▶ **Your task**:
In the listing below, the lines starting at the line with "新闻网讯(记者 倪佩芬)11" and ending at the line with "Geneva International Conference" are to be output verbatim. Images stay out of the copy.

▶ **Extracted data**:
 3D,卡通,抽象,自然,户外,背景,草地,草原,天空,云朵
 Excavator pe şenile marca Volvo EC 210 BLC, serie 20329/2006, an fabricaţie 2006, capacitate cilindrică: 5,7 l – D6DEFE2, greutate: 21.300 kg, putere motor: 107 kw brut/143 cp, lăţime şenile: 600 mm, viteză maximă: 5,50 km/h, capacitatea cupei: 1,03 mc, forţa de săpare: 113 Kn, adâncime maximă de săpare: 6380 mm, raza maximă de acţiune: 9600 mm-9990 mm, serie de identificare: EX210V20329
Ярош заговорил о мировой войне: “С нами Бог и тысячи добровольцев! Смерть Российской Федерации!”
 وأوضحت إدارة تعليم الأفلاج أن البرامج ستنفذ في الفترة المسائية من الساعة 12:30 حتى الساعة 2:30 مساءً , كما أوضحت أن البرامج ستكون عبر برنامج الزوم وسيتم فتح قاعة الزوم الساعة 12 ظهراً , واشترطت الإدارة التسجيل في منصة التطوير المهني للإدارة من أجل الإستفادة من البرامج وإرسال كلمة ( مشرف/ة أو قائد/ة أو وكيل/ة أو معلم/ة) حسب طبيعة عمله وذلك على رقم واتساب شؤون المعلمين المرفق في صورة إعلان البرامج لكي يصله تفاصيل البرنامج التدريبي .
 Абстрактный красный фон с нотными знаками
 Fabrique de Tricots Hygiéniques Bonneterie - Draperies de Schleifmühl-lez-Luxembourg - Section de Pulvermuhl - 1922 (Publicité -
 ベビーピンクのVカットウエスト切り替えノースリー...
* * *
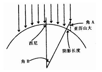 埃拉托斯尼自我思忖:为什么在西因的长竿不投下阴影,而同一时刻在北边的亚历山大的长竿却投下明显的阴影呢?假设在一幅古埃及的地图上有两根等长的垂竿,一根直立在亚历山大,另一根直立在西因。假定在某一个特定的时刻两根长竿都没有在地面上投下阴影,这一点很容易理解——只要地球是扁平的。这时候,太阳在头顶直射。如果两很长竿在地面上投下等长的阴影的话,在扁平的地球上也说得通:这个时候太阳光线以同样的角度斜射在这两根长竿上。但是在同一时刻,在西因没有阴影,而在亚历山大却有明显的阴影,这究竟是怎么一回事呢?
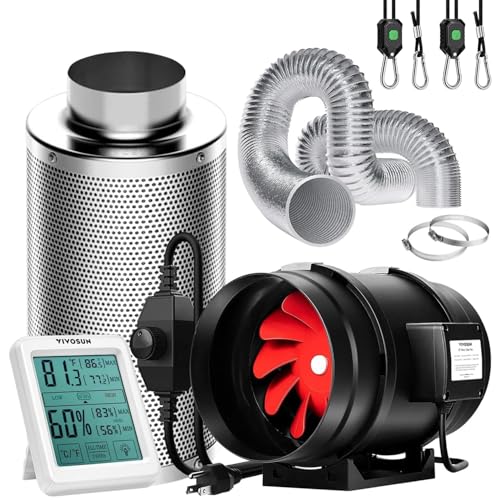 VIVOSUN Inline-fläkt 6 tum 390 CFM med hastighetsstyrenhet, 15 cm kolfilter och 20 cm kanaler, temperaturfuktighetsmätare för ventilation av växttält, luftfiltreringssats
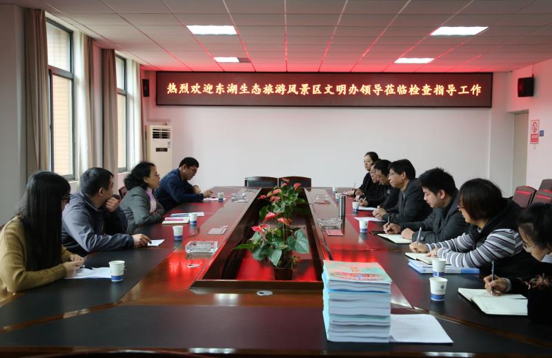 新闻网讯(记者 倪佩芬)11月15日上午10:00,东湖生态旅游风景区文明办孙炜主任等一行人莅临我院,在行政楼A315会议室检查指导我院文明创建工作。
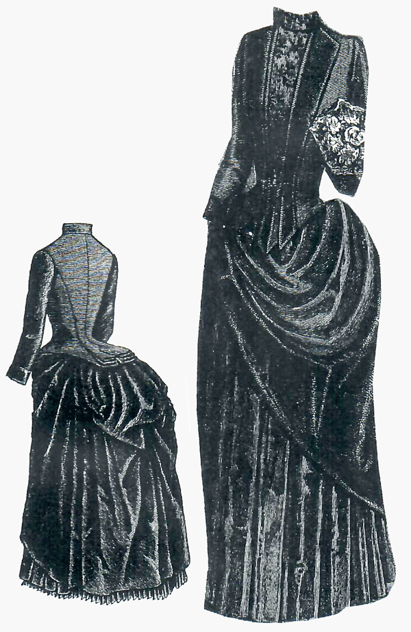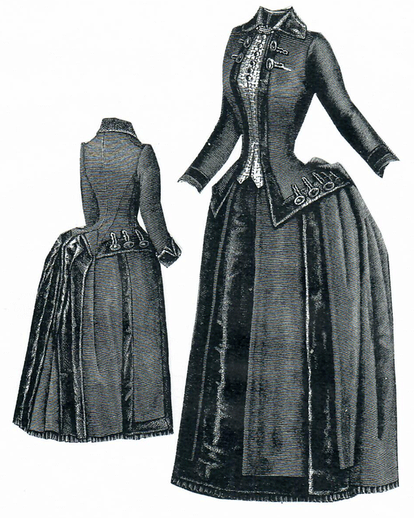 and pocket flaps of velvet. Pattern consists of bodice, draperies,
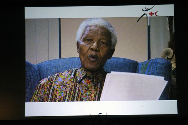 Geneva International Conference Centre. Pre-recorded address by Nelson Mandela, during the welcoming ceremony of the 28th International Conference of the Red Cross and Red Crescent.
---
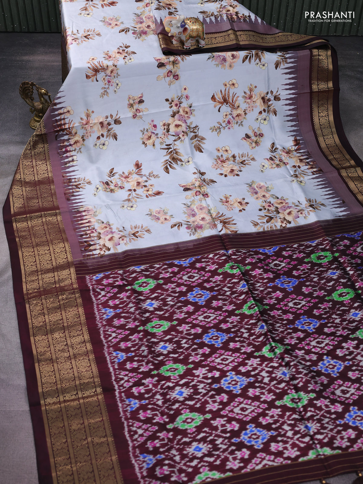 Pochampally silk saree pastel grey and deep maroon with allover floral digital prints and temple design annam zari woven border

▶ **Output**:
 新闻网讯(记者 倪佩芬)11月15日上午10:00,东湖生态旅游风景区文明办孙炜主任等一行人莅临我院,在行政楼A315会议室检查指导我院文明创建工作。
 and pocket flaps of velvet. Pattern consists of bodice, draperies,
 Geneva International Conference Centre. Pre-recorded address by Nelson Mandela, during the welcoming ceremony of the 28th International Conference of the Red Cross and Red Crescent.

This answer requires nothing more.